How to complete this task →
Copy each line of the records below that mentions the word "mujeres".

━━ Data listing ━━

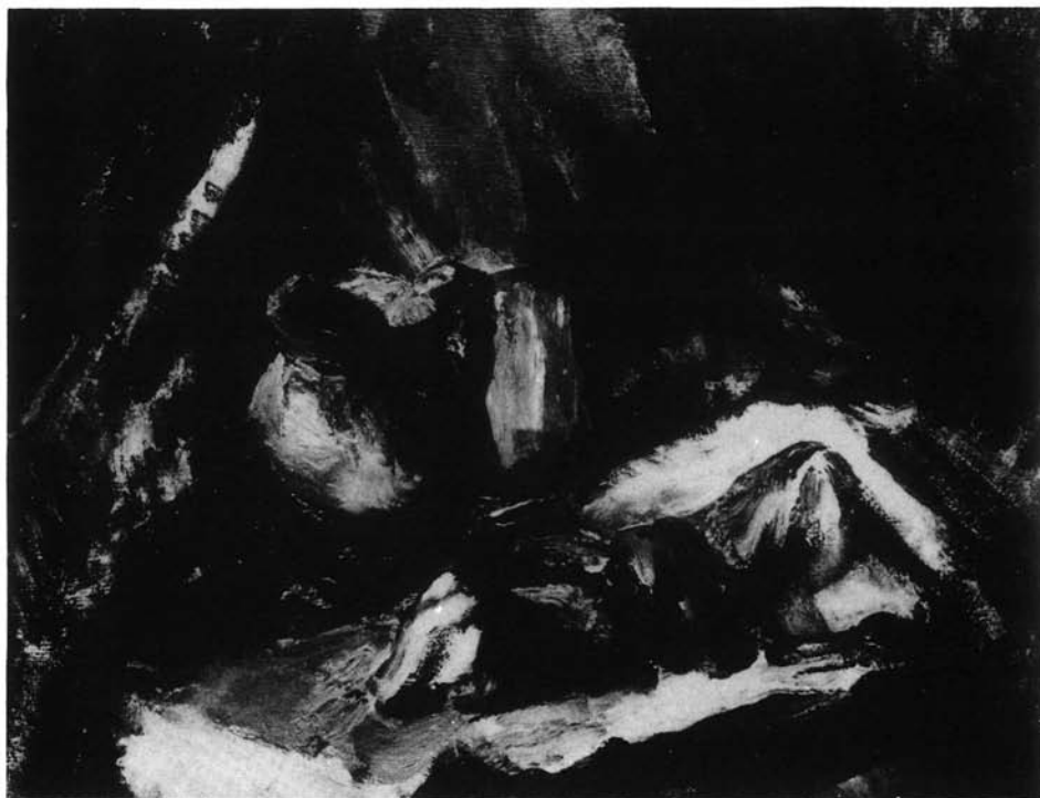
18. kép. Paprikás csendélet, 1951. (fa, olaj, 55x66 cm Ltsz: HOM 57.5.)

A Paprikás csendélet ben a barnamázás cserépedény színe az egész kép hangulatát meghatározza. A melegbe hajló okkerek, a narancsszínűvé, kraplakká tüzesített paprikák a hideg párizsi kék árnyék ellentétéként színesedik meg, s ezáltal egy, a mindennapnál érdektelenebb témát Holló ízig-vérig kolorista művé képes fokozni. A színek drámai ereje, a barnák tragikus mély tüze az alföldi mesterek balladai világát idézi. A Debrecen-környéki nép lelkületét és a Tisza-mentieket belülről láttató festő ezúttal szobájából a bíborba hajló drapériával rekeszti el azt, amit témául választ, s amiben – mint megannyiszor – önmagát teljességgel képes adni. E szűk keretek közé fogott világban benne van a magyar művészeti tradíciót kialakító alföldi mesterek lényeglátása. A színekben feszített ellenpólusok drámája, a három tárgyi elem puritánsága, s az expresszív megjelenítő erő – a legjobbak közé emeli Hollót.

━━━
━━ Data listing ━━

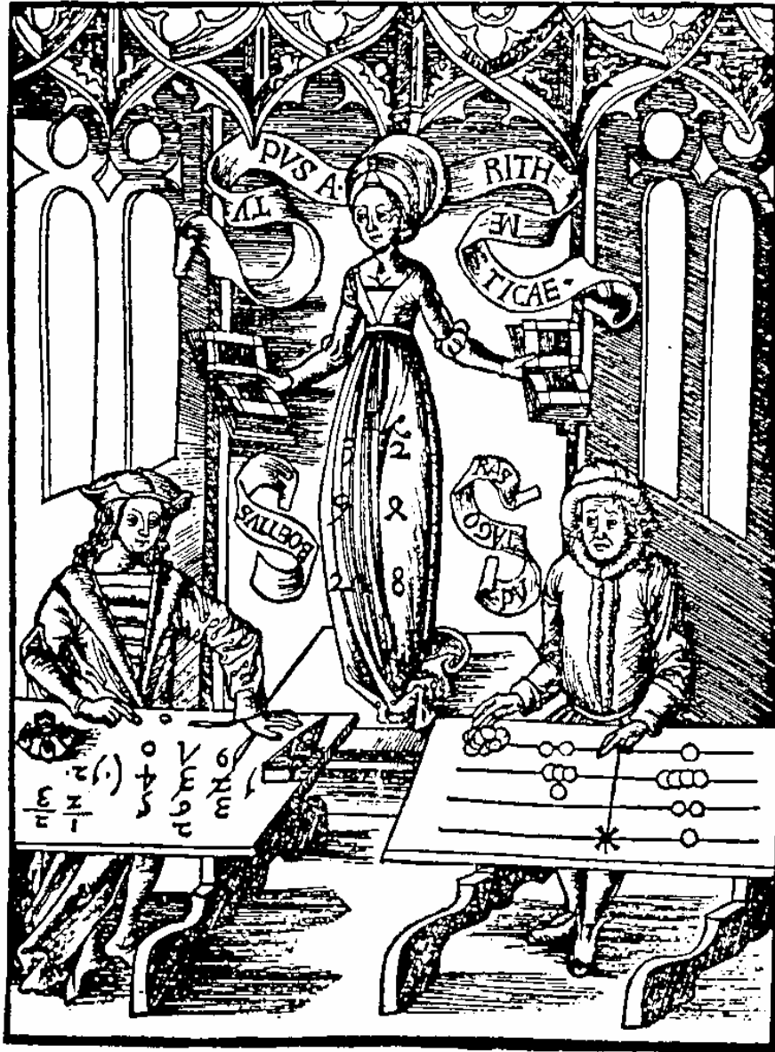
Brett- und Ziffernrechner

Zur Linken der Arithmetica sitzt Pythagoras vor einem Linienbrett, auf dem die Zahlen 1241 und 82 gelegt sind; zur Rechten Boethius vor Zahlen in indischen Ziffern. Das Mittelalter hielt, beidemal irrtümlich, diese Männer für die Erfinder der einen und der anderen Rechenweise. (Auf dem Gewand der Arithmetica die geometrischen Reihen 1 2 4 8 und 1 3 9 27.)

━━━
━━ Data listing ━━

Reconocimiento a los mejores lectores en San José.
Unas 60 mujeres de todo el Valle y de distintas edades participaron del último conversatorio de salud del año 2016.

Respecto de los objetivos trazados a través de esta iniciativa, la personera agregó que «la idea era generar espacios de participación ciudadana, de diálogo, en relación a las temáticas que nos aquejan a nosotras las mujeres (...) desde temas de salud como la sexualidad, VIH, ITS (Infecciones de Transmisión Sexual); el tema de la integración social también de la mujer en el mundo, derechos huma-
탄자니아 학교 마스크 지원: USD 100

━━━

Expected answer →
Unas 60 mujeres de todo el Valle y de distintas edades participaron del último conversatorio de salud del año 2016.
Respecto de los objetivos trazados a través de esta iniciativa, la personera agregó que «la idea era generar espacios de participación ciudadana, de diálogo, en relación a las temáticas que nos aquejan a nosotras las mujeres (...) desde temas de salud como la sexualidad, VIH, ITS (Infecciones de Transmisión Sexual); el tema de la integración social también de la mujer en el mundo, derechos huma-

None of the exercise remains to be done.